Твардовский предложил ему – в максимально деликатной форме, ненавязчиво – подумать о замечаниях Лебедева и Черноуцана (работники ЦК КПСС. – Сост.). Скажем, прибавить праведного возмущения кавторангу (капитан второго ранга, воинское звание в Красной Армии. – Сост.), снять оттенок сочувствия бендеровцам, дать кого-то из лагерного начальства (надзирателя хотя бы) в более примиренных, сдержанных тонах, не все же там были негодяи.
‹…› В ходе разговора Твардовский неосторожно упомянул о красном карандаше, который в последнюю минуту может то либо другое вычеркнуть из повести. Солженицын встревожился и попросил объяснить, что это значит. Может ли редакция или цензура убрать что-то, не показав ему текста? „Мне цельность этой вещи дороже ее напечатания“, – сказал он.
Солженицын тщательно записал все замечания и предложения. Сказал, что делит их на три разряда: те, с которыми он может согласиться, даже считает, что они идут на пользу; те, о которых он будет думать, трудные для него; и наконец, невозможные – те, с которыми он не хочет видеть вещь напечатанной.

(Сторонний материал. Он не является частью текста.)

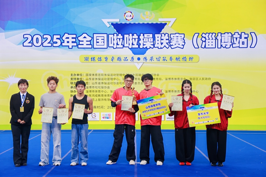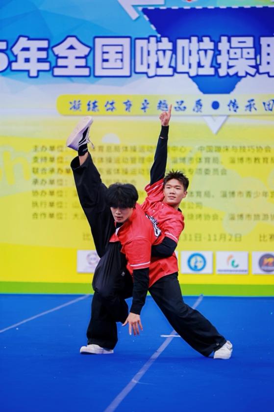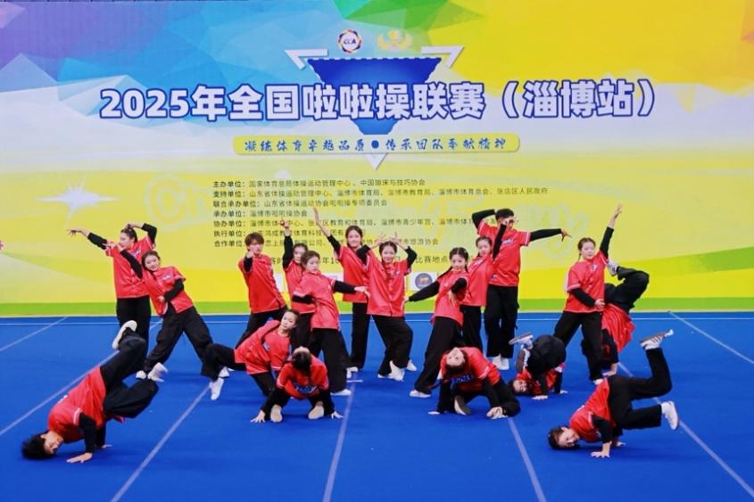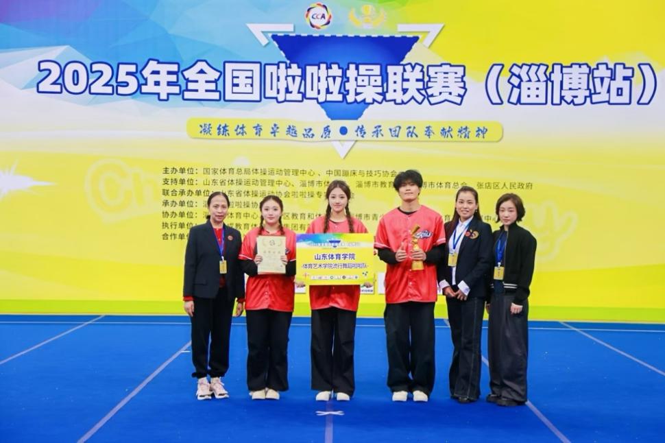 2025年10月31日-11月2日,在2025年全国啦啦操联赛(淄博站)中我校体育艺术学院舞蹈表演(流行舞)专业的参赛运动员一举斩获三项冠军。此次比赛由国家体育总局体操运动管理中心与中国蹦床与技巧协会联合主办,吸引了来自全国各地多所院校共计112支队伍的3000余名优秀运动员同台竞技。山东体育学院体育艺术学院健美操教研室精心组织学生参赛,俞晓倩老师与高峰老师共同担任教练员,凭借扎实的专业功底与出色的舞台表现,我校学子最终在激烈角逐中脱颖而出,斩获三项重要奖项:公开青年甲组 - 街舞规定动作(2025 版)- 超级 B 第一名、公开青年甲组 - 集体街舞自选动作第一名、公开青年甲组-双人街舞自选动作第一名。这一优异成绩不仅是对参赛学子辛勤付出的肯定,更是我校舞蹈表演(流行舞)专业教学质量与人才培养水平的有力证明,也为学校赢得了直接晋级全国啦啦操联赛总决赛的资格。

Твардовский предлагал свои поправки робко, почти смущенно, а когда Солженицын брал слово, смотрел на него с любовью и тут же соглашался, если возражения автора были основательны.
Когда же заговорил Дементьев, Александр Трифонович весь обеспокоился, напрягся внутренне, и едва тот начал „кумекать“, с легкой усмешкой покачал головой». [5; 65–66]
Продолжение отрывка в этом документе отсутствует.